We woke the next morning and were on the road by 6:00. We were both completely burnt out and not excited by the idea of hiking at all. We got to Arches before they opened and drove around looking at the park. We hiked Delicate Arch, which was a fun hike, but we both hated it because it felt like we were still reliving our hike from yesterday.
Once we got to the top we were both glad we’d done it.
After that hike I swore off all other hikes for the rest of the trip. We did walk the ten steps to the Sanddune Arch. But mainly we drove around and took pretty pictures out the windows.
We didn’t stay too long. We did, however, demolish an entire bag of red Doritos. And I didn’t even care.
Still we drove around taking more pretty pictures out our windows.
As we were leaving we were both really glad we’d gotten there so early because the line to get into the park was unreal.
A few minutes down the highway we were turning off to head towards Island in the Sky. The road to get there took about thirty years, and when we did get there there weren’t any hikes, which I thought was weird (not that I wanted to do any). We did one that was less than half a mile round trip.
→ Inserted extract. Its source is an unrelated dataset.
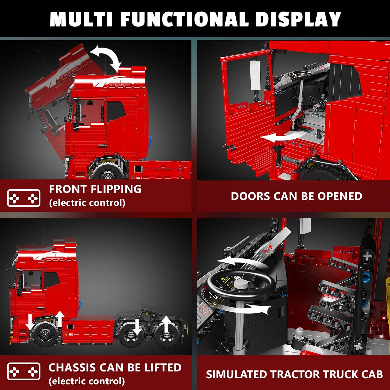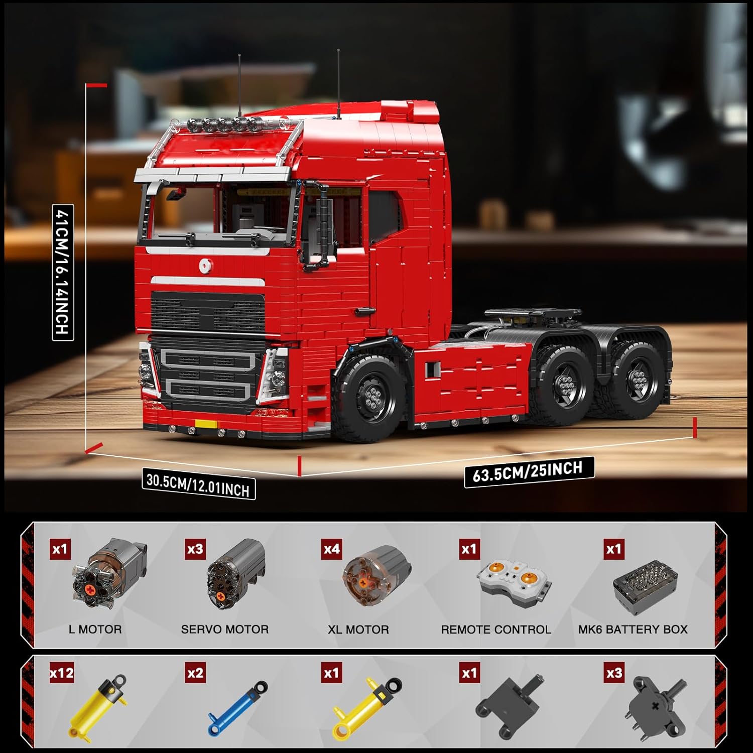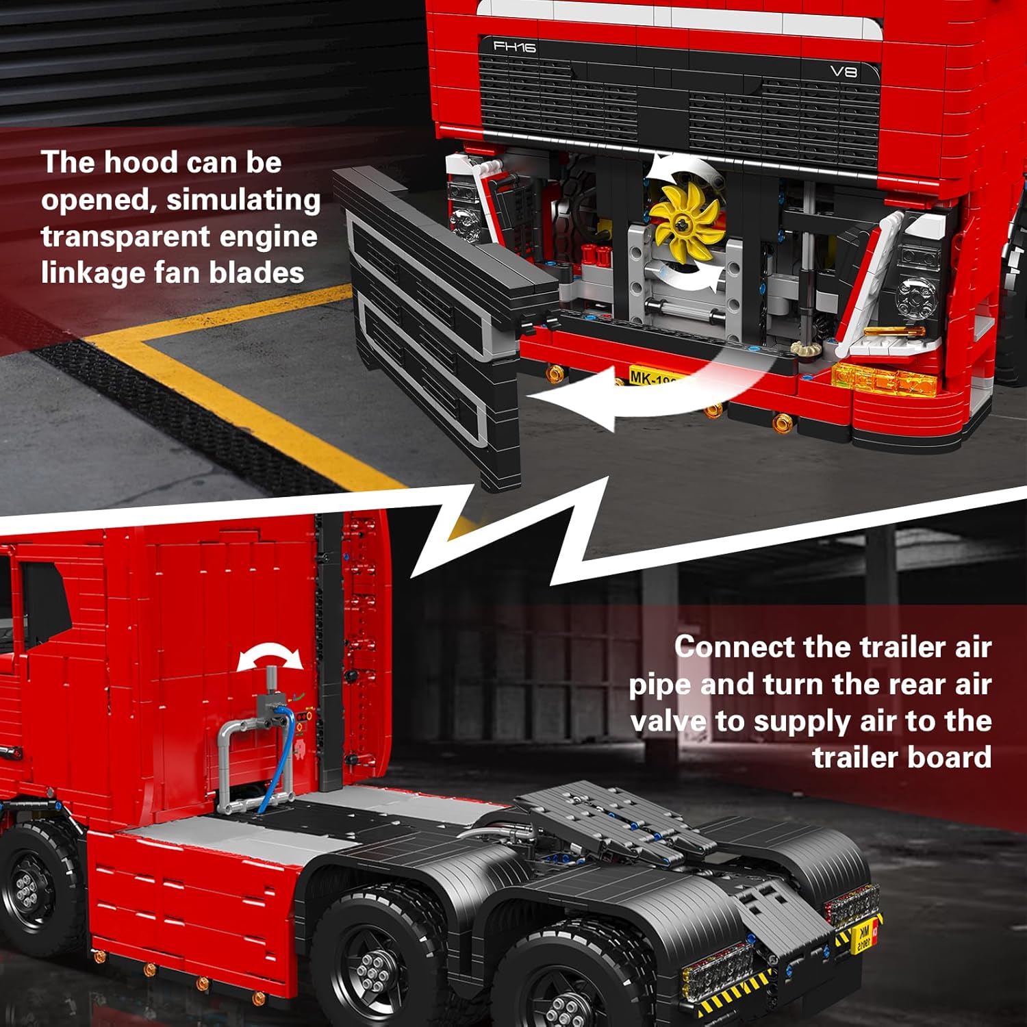 【Unabhängige Verpackung】 Pneumatisches Zugfahrzeug Baustein Kit mit 4608 pcs kleines Zubehör, alle Zubehörteile haben unterschiedlichen Montageverfahren und jedes Teil des Zubehörs wird einzeln in einem separaten Verpackungsbeutel verpackt. Gleichzeitig ist eine ausführliche Montageanleitung beigefügt, die sehr ausführlich und leicht verständlich ist. Sie können jedes Teil leicht finden und den Spaß beim Zusammenbau genießen. 【Fernsteuerung und App-Steuerung】Zur Verwendung mit dem 19015T-Anhängerbausatz. Die pneumatische Zugmaschine unterstützt 2 Modi: Fernbedienung und App-Steuerung. Beide Modi sind einfach zu bedienen. Für den App-Steuerungsmodus müssen Sie lediglich unsere App herunterladen und sich dann über Bluetooth mit Ihrem Telefon verbinden. Anschließend können Sie das Fahrzeug über Ihr Telefon steuern. 【Hoch restaurierte Fahrzeugdetails】 Die Styling-Linien sind glatt, wodurch das Erscheinungsbild des echten Autos in hohem Maße wiederhergestellt wird. Es enthält viele realistische Details und Funktionen, insbesondere sind einige kleine Details sehr schön umgesetzt. Wie die hintere Gehäuseabdeckung kann geöffnet werden, Tür lässt sich öffnen, Lenkrad kann gedreht werden und Simulation der Nabe, das Rad kann gedreht werden usw. 【Tolle Geschenkideen】 DIY Bausteine Spielzeug wurden entwickelt, um Menschcen interessante und herausfordernde Bausteinerfahrungen zu bieten. Es geeignet für Jungen und Mädchen ab 12 Jahren. Wenn Sie ein cooles Geschenk für Ihre Kinder suchen. Wie Geburtstag / Kindertag / Weihnachten / Neujahr / Ostern / Sommercamp / Schulanfang Geschenk usw.. Dieses Zugmaschine Bausteinset ist eine gute Wahl. 【Kreativität und MINT-Lernen】Exquisites Indoor-Modell: Mit den technischen Modellbausteinen des pneumatischen Traktors kommen Sie den echten Bausteinen näher als je zuvor. Dieser exquisite technische Modellbausatz wurde speziell für Fans technischer Autos mit viel Liebe zum Detail entwickelt. | قیمت یورویی : 220.15€

Billy had to convince me to even do that much. But it was worth it to see this beauty. The Mesa Arch.
This part of the park wasn’t my favorite. There wasn’t much to do. All they had were overlooks. Which were pretty, but I think I have to hike it and experience it to really appreciate it.
The views of the never-ending lands full of these canyons were pretty cool though. I thought it looked like the land was decaying, like some nasty bacteria was eating and rotting away the flesh of the earth.
We spent less than an hour there and headed home. The car ride was really fun because we were both kind of going crazy. And then we pulled up to Hillary’s apartment and took the most wonderful showers ever.
So that’s the end of our little southern Utah trip. It’s funny, because while we were still in school I had these grand notions of going to Europe to celebrate both of us graduating. I kept trying to convince Billy because I really wanted to go, but he kept giving me the same answer over and over. “Why would you want to travel half way around the world to see things when we haven’t even seen the things that are only a few hours away from us.”
And it’s so true. These places were beautiful. Grand. Magnificent, resplendent, glorious, monumental, awe-inspiring, majestic. Just because it might not seem as exotic or cultured as a trip to Ireland or Australia doesn’t make the places of America of any less value, because they are worth it. In fact, people from all over the world were at these parks that we visited! It’s sad that we so often overlook our own beautiful country because it’s not as “exciting.” I truly appreciate national parks a lot more than I think I’ll ever be able to appreciate any great cathedral in some other country (don’t get me wrong though, I still really really really want to see those). I don’t know if there are many other places that you can experience quite like a national park. You become a part of them, part of their history. And they change you, and become a part of you. It is a beautiful, transformative thing. And it’s something I wouldn’t trade for anything.